* TASK DIRECTIONS
Extract word for word the lines of the listing from its start to the line holding "German Shepherd Dog", both ends kept; pictures are not part of the copy.
===== ENTRIES PROVIDED =====
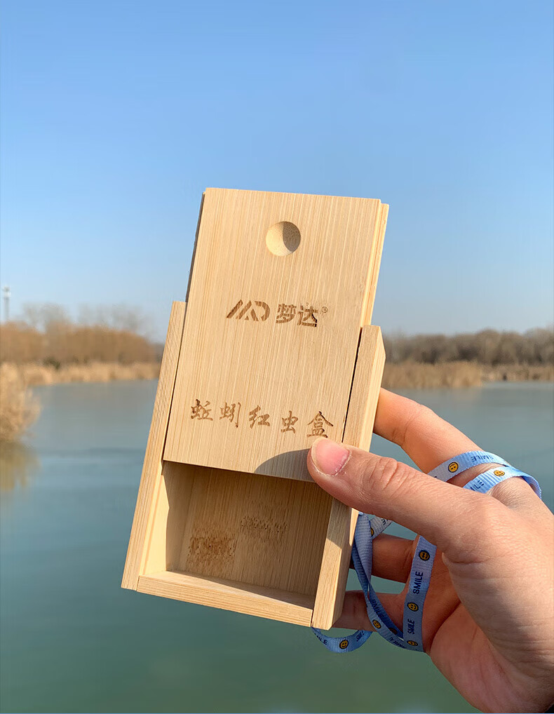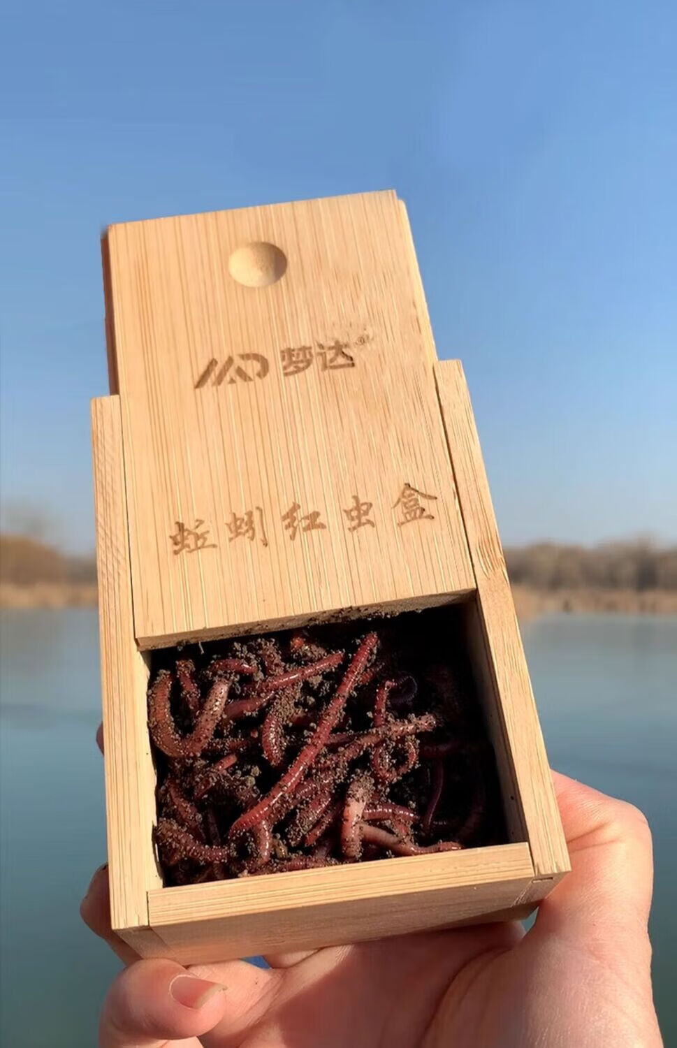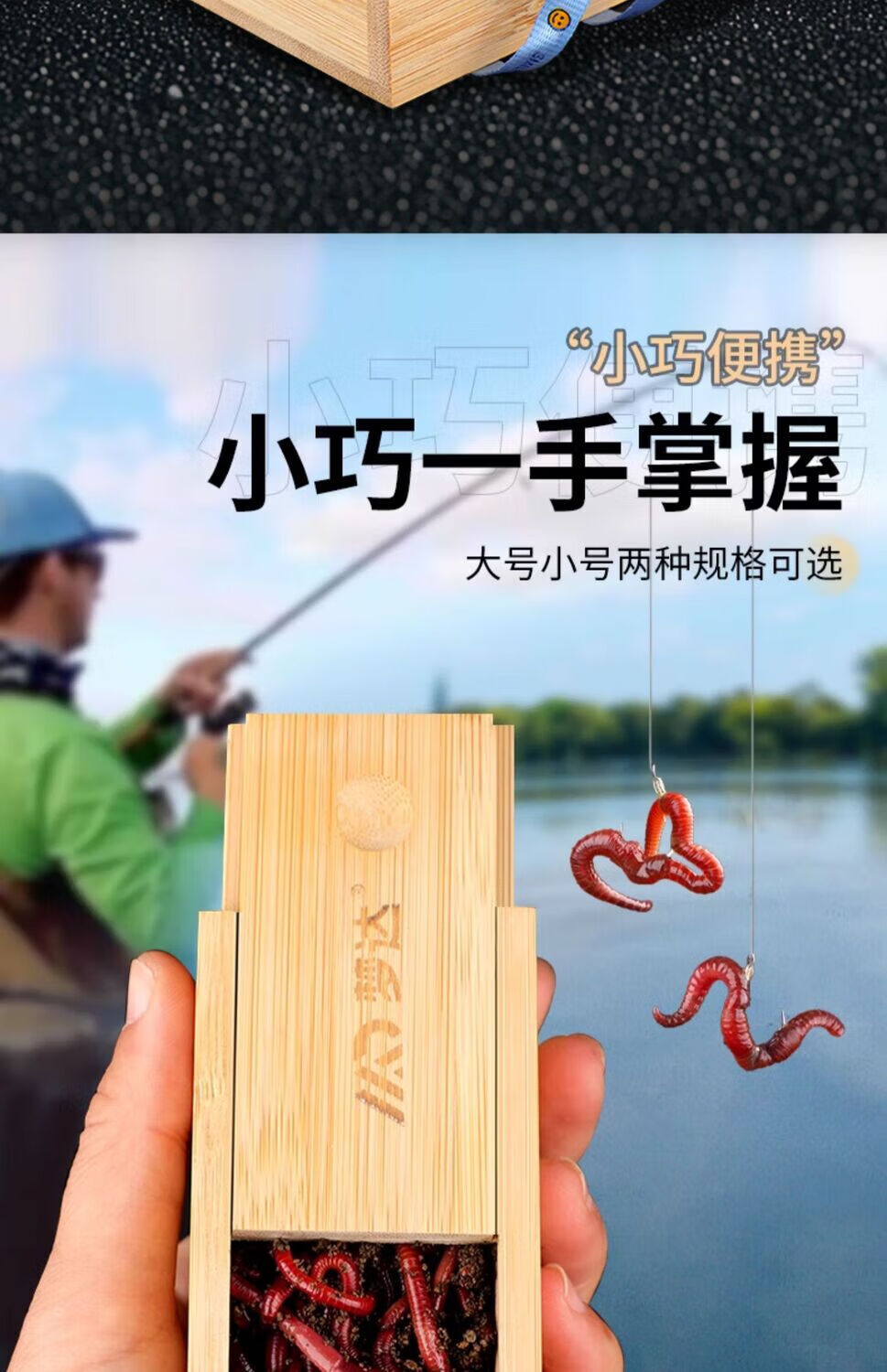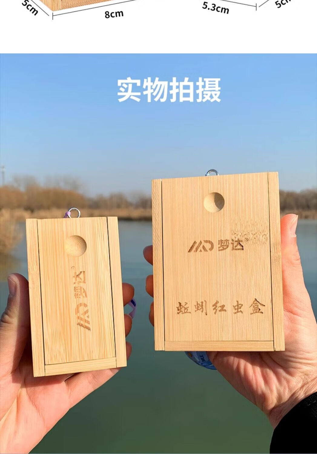 Mengda traditional walking fishing bamboo and wooden earthworm box wild fishing wooden fishing gear pull-out cover lugworm red worm box bait live bait box solid wood lanyard earthworm box large size free towel
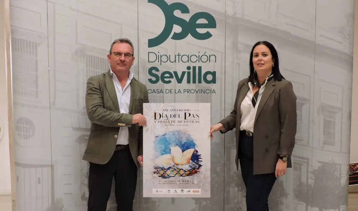 El alcalde de El Cuervo de Sevilla, José Manuel Oliva Arellano, y la delegada municipal de Innovación, Promoción y Empleo, María Carmen Vega Barroso, han presentado en la Casa de la Provincia de la Diputación el cartel y la programación del XXV Día del Pan y Feria de Muestras de El Cuervo, que se celebra el próximo fin de semana, del 10 al 12 de abril, con una completa propuesta de actividades para todos los públicos.
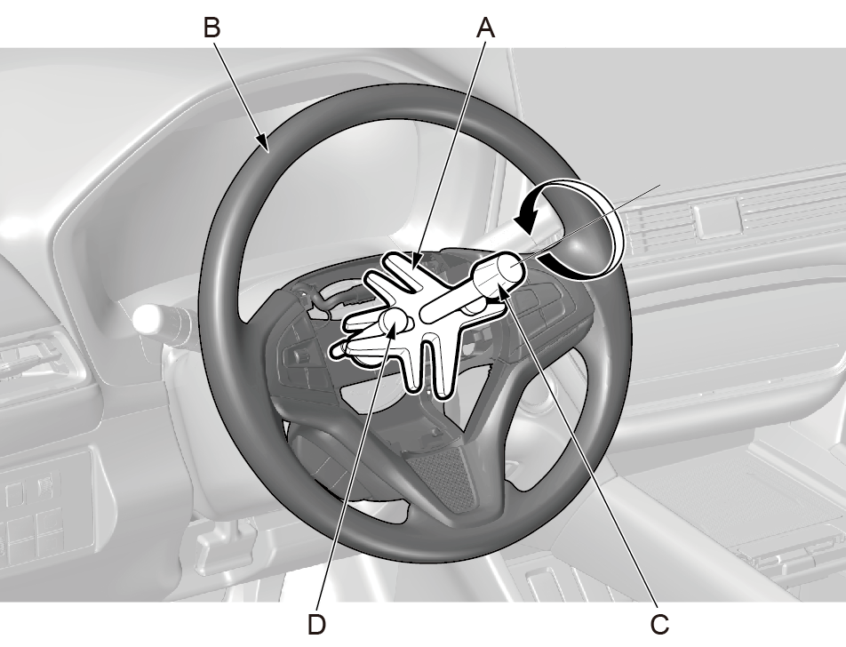 4. 在方向盘(B)上安装市售方向盘拔出器(B)。
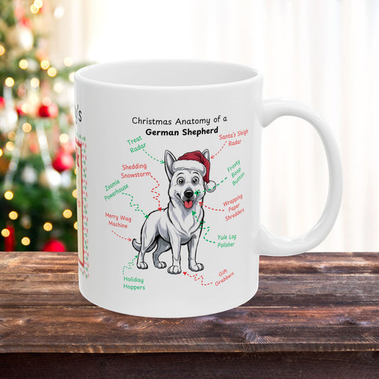 German Shepherd Dog Anatomy Christmas Mug - Personalized Festive Gift for GSD Lovers
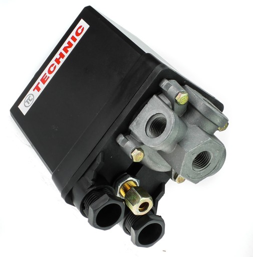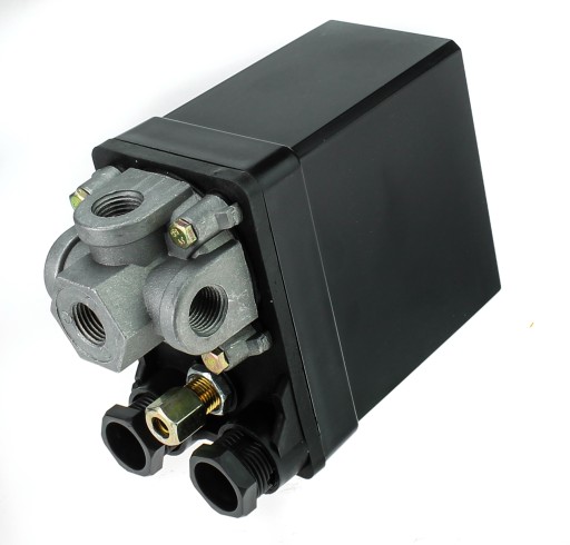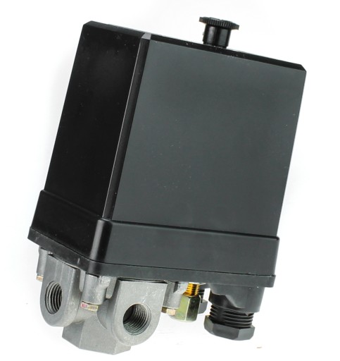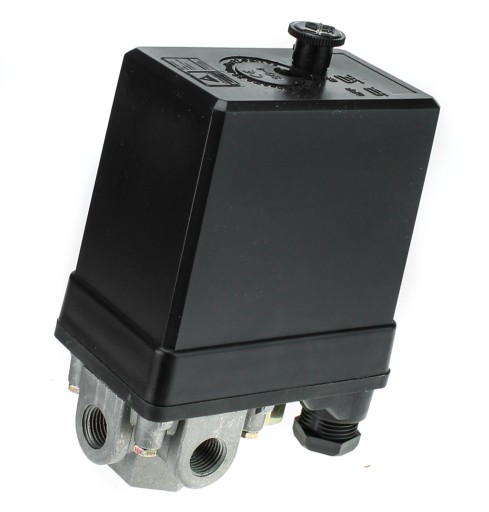 Wyłącznik ciśnieniowy jest niezbędnym elementem kompresora, który ma za zadanie kontrolować i regulować ciśnienie w instalacji. Presostat wykonuje funkcję automatycznego wyłączania i włączania kompresora w zależności od ustawionych parametrów ciśnienia. Posiada możliwość regulacji ciśnienia załączaniA i wyłączania w zakresie 3-12 Bar.
=====
* EXERCISE OUTPUT
 Mengda traditional walking fishing bamboo and wooden earthworm box wild fishing wooden fishing gear pull-out cover lugworm red worm box bait live bait box solid wood lanyard earthworm box large size free towel
 El alcalde de El Cuervo de Sevilla, José Manuel Oliva Arellano, y la delegada municipal de Innovación, Promoción y Empleo, María Carmen Vega Barroso, han presentado en la Casa de la Provincia de la Diputación el cartel y la programación del XXV Día del Pan y Feria de Muestras de El Cuervo, que se celebra el próximo fin de semana, del 10 al 12 de abril, con una completa propuesta de actividades para todos los públicos.
 4. 在方向盘(B)上安装市售方向盘拔出器(B)。
 German Shepherd Dog Anatomy Christmas Mug - Personalized Festive Gift for GSD Lovers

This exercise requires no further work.